Instead, of a sailor, Miyamoto opted for another blue-collar profession — a carpenter, and one who sported a mustache and Mario's trademark overalls and hat. The character was originally just called "Jumpman" since he had to leap over obstacles; then, the real star of the game was Donkey Kong.
When Nintendo released "Donkey Kong" in the United States, the company's American executives felt that Jumpman needed a better name. Workers at Nintendo's Washington warehouse had started calling the character "Mario" because he resembled the property's landlord, a man named Mario Segale, according to the book "Game Over, Press Start to Continue." Miyamoto heard about the nickname and liked it, so he stuck with it.

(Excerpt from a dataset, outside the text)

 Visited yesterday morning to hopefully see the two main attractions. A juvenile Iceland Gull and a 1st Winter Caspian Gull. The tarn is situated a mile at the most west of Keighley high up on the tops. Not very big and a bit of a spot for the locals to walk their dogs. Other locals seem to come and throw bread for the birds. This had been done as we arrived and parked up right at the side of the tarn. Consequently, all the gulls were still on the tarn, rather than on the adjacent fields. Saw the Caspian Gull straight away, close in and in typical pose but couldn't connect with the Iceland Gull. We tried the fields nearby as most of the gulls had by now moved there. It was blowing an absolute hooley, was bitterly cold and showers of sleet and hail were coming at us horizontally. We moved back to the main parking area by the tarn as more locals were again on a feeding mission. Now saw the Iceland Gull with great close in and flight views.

"They started calling the character Mario, and when I heard that I said 'Oh, Mario's a great name — let's use that,'" Miyamoto told NPR in 2015.
"Donkey Kong" was extremely popular in arcades around the world, earning the game its own spot in the pantheon of classic video games. Nintendo went on develop several sequels to the original before tasking Miyamoto with breaking out the Mario character for his own game. Miyamoto created a brother for Mario (the green-clad Luigi) and the pair debuted in the 1983 arcade game "Mario Bros.," which was mainly only distributed in Japan.

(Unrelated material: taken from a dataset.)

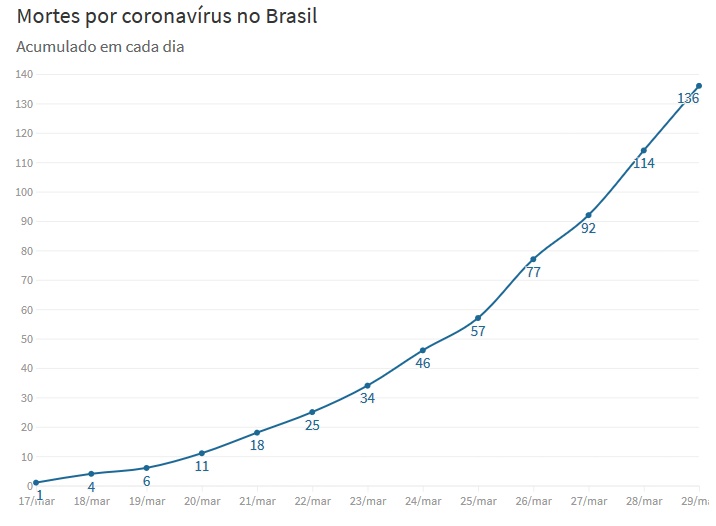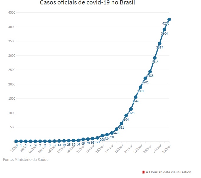 Segundo projeções do ministério da Saúde, se os contatos sociais não forem reduzidos no Brasil, os casos de coronavírus devem duplicar a cada três dias. Segundo dados oficiais, o país tem 3.904 infectados pelo coronavírus e 111 mortos. Mas os números reais são muito maiores, já que muitos infectados não têm sintomas e não há testes para todos.

Two years later, though, Mario's star exploded worldwide when Nintendo released "Super Mario Bros." as the centerpiece game for its NES home-gaming console. After its successful release, Nintendo started bundling "Super Mario Bros." with its consoles — so, if you bought the system, you got the game too — which helped further drive sales. The Nintendo NES went on to become the best-selling video game console of its generation, selling over 60 million units, according to the company.